If you remember last week’s Scripture readings about love (and sacrifice), we are called to emulate Jesus’ self-emptying, sacrificial love in our own lives by letting go of any of the sinful, selfish and destructive things, thoughts and feelings to which we may cling. “Let go and let God!”
Right now (and for weeks) we have been experiencing the sacrifice of many ‘things’ for our safety and the safety of others. (Love in action!) We have the opportunity now to really examine (both individually and collectively) all of the unnecessary things of our society with which we have indulged ourselves; the cruelty and injustice we have accepted without enough scrutiny and reconciliation; and the preservation of what actually is good and worth keeping—those actions that do serve God’s plan for all of His children. You know, we might actually strive to make all things better, safer, healthier and happier for all of us, no exceptions!
Having tasted a somewhat simpler life in some (or many) ways, perhaps we will shift from some and any of those destructive values and patterns in our lives. Now that we have seen the importance of community, of social contracts (like wearing masks to keep each other safe, or stopping at red lights) and the sharing of resources, maybe we will invest more in the well-being of all people and not just the individual self. Maybe we can even consider the urgency to act on the problems of poverty (here at home and away), the suffering of Creation by the greedy and thoughtless, and the health and education of all our brothers and sisters. This pandemic has highlighted the many social problems we have in our society—which, personally, I find so painful to consider how unthinking, selfish and unkind we can be about the problems of others sometimes.
Pain, though, is an unwelcome teacher and an important element of reality in this world. It is not only often helpful, but is absolutely necessary to human health and well-being. How do you know to keep your hands away from an open flame, or to flush a grain of sand from your eye? Pain. Any doctor will tell you that a person whose nerves can't send pain signals will have serious problems in living a normal life. We know that God allows suffering, but he is not the one who causes it and sends it into our lives. We experience pain because we live in physical bodies in a physical world—and we suffer emotional pain because we are (hopefully) sensitive to misfortune, loss, and injustice. Sometimes the most horrible wounds we experience are those that come to us and are even traceable to our own wrong choices! But He will be with us always through it all and to the end.
This faith we have is a relationship with God that provides the daily presence, strength, and encouragement of the Living Christ for whatever comes our way. It doesn’t exempt us from it, but it does sustain us. And this love in the midst of trial is what we are called to be in the world as Disciples. We do not yet have complete and detailed plans for the future of Covid 19 in our Communities—but like the Disciples in Scripture today we know Jesus is with us while we figure it all out—and we have an Advocate, the Holy Spirit.
As Disciples we depend on the Word, the Paschal Mystery and each other to be the presence of Christ. St. Peter of Damascus wrote that we will ascend with Christ to heaven through these real presences of Jesus. We move from “fear to religious devotion—from which springs spiritual knowledge; from this knowledge comes judgment—that is, discrimination (discernment); from discernment comes the strength that will lead us to understanding; and from this comes wisdom.” We need to ascend to this heavenly wisdom!
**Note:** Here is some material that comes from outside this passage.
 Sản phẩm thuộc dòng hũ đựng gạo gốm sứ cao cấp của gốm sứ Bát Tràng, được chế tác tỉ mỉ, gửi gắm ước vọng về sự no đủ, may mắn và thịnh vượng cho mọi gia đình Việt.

Thanks to the ministry of the Apostles, all believers will ascend with Christ into heavenly wisdom. When Christ Ascended they had to depend on their faith, believe in their mission, and carry the Gospel to all. (The Holy Spirit makes all this possible!) We are charged with this same mission, now, today. We are lost if we do not take this mission seriously—especially since we now have the time to reconcile our faith with our actions and our decisions--and we have the Holy Spirit to help us, always.
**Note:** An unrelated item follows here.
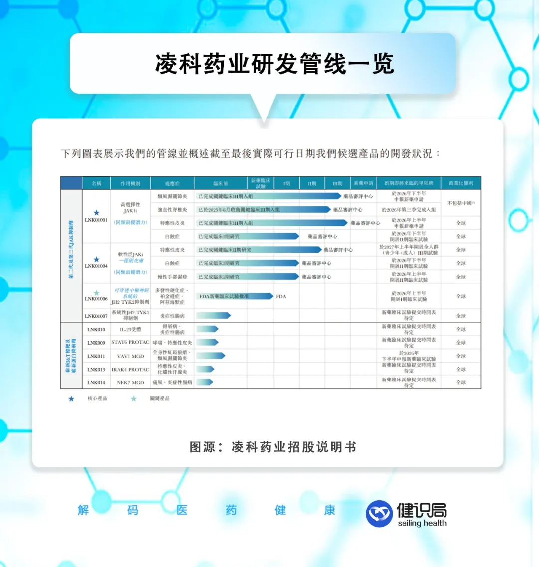 11月30日,凌科药业正式向港交所递交了招股说明书。这是一家从事自免小分子研发的企业,核心产品是第二代JAK抑制剂LNK01001,以及第三代软性泛JAK抑制剂LNK01004。

Keep singing in your hearts and minds—or out loud while quaranteaming with your lovely ones!
Just a note: Just a reminder that while in church (masks on), there is no Assembly singing in responses or of hymns and Mass Ordinaries. This is encouraged by our Archdiocese, our Archbishop and the science behind aerosolized particles of the virus. (Instead of full, conscious and active outward participation—it is now a prayerful, interior, internally active participation while in church.) When attending mass, please only sing in your hearts. I know that one day we will sing aloud, raising our voices together again; but in the meantime we make this sacrifice of love to protect each other and the vulnerable. For now, our Journeysong hymnals are stored away—and we all look forward to the future when they will be accessible to all again.